§ **Task details**: Leave out every picture, and restate word for word only the lines from the one containing "12/24 V punjač" through the end of the material.

====== Given material ======

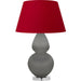 Matte Smokey Taupe Glazed Ceramic With Lucite Base Double Gourd Table Lamp With Rose Red Fabric Shade with Ink Lining - Our Double Gourd collection features a simple but gracefully curving silhouette. Available in a wide array of vibrant colors and several different base finishes.
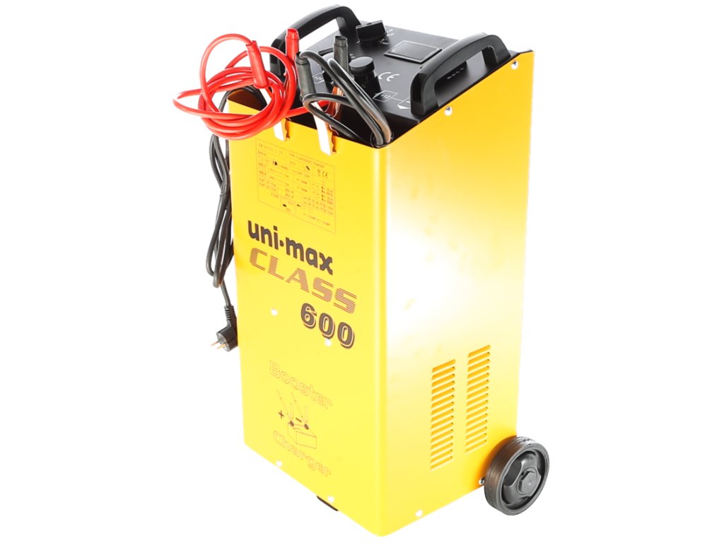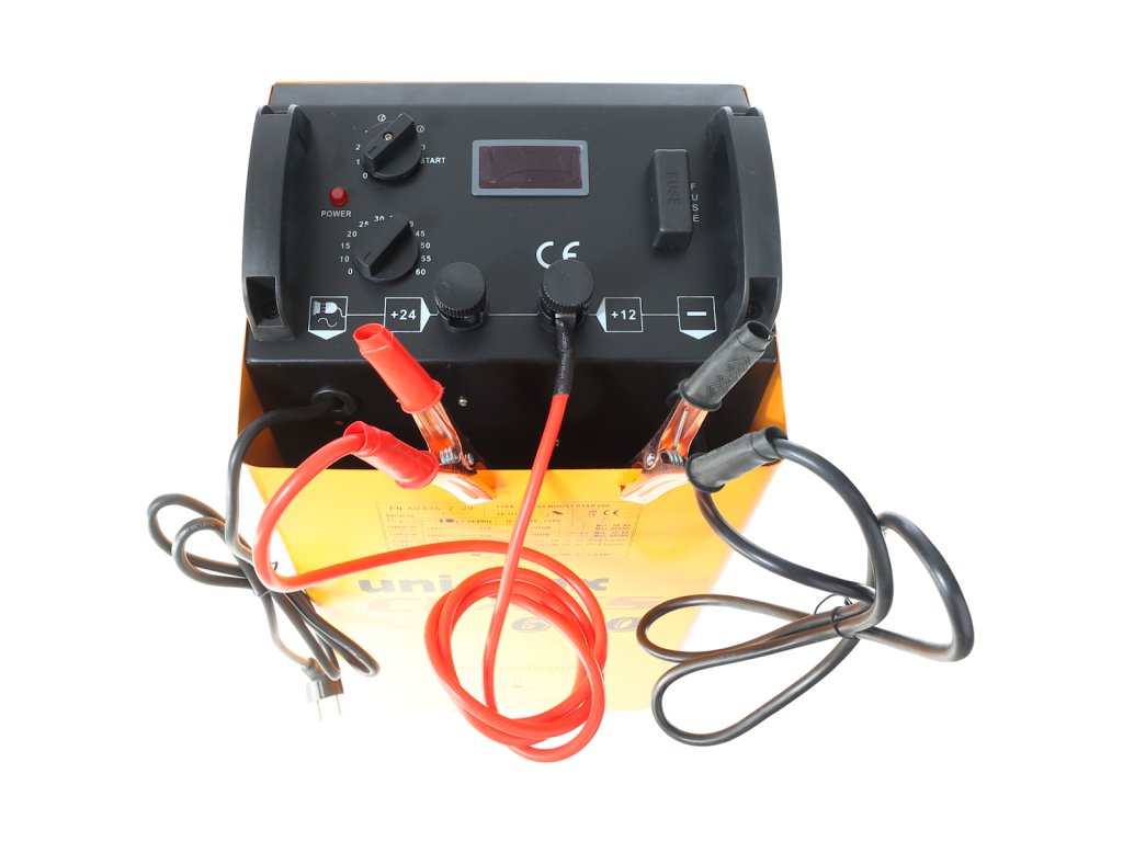 12/24 V punjač akumulatora automobila s opcijom izravnog pokretanja za sve vrste automobila. Izbor standardnog punjenja, brzo punjenje (s tajmerom), brzo pokretanje. Automatska zaštita od termistora. Kotači za jednostavno rukovanje. Može se koristiti za punjenje olovnih baterija i izravno pokretanje automobila, kamiona, traktora i traktora. Napajanje 230 V/50 Hz, potrošnja energije 12 V / 1.000 W, 24 V / 1.900 W. Maksimalna početna struja do 600 A..
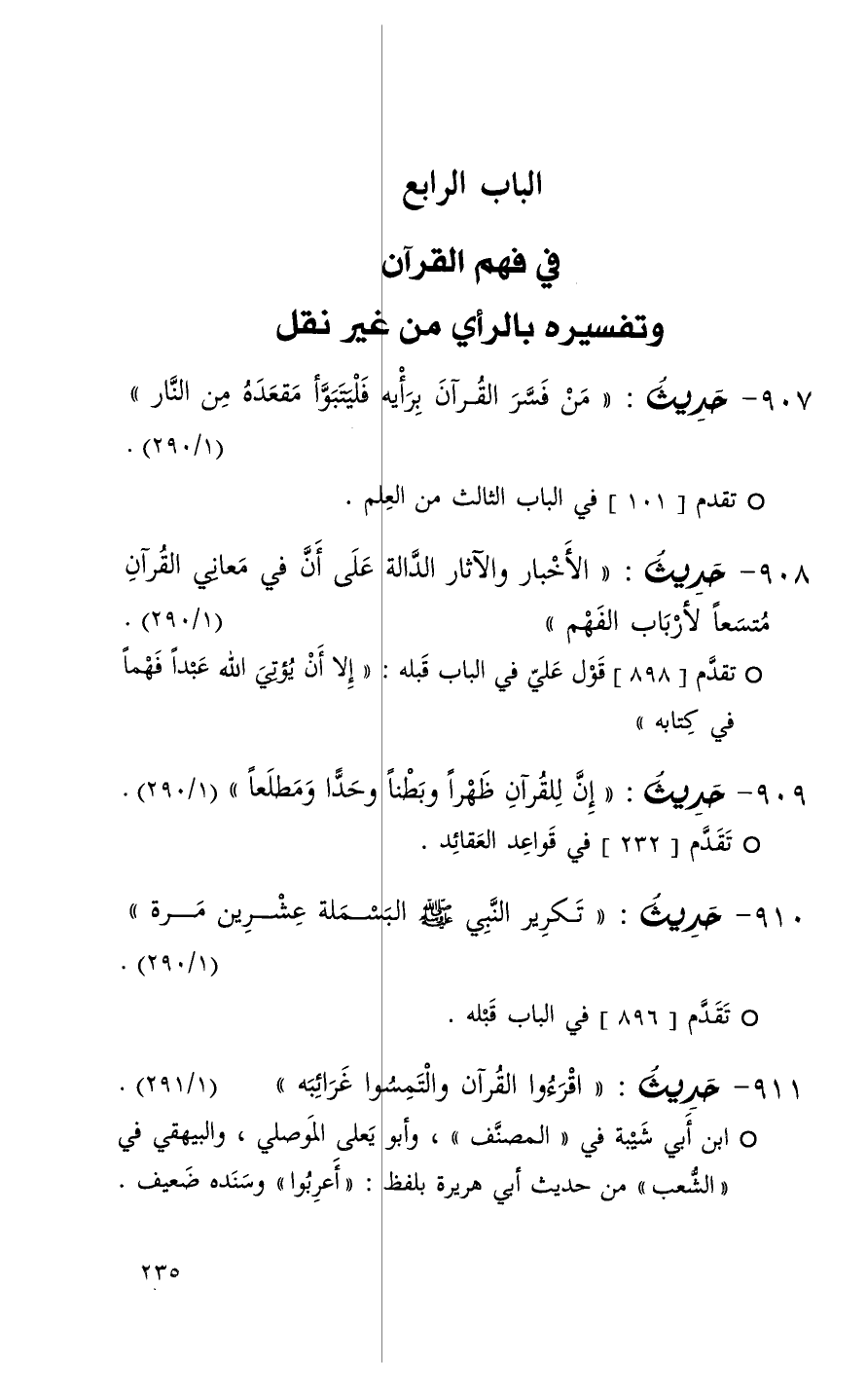 907 حديث ( من فسر القرآن برأيه فليتبوأ مقعده من النار ) ( 1 / 290 ) (1)

======

§ **Completed exercise**:
 12/24 V punjač akumulatora automobila s opcijom izravnog pokretanja za sve vrste automobila. Izbor standardnog punjenja, brzo punjenje (s tajmerom), brzo pokretanje. Automatska zaštita od termistora. Kotači za jednostavno rukovanje. Može se koristiti za punjenje olovnih baterija i izravno pokretanje automobila, kamiona, traktora i traktora. Napajanje 230 V/50 Hz, potrošnja energije 12 V / 1.000 W, 24 V / 1.900 W. Maksimalna početna struja do 600 A..
 907 حديث ( من فسر القرآن برأيه فليتبوأ مقعده من النار ) ( 1 / 290 ) (1)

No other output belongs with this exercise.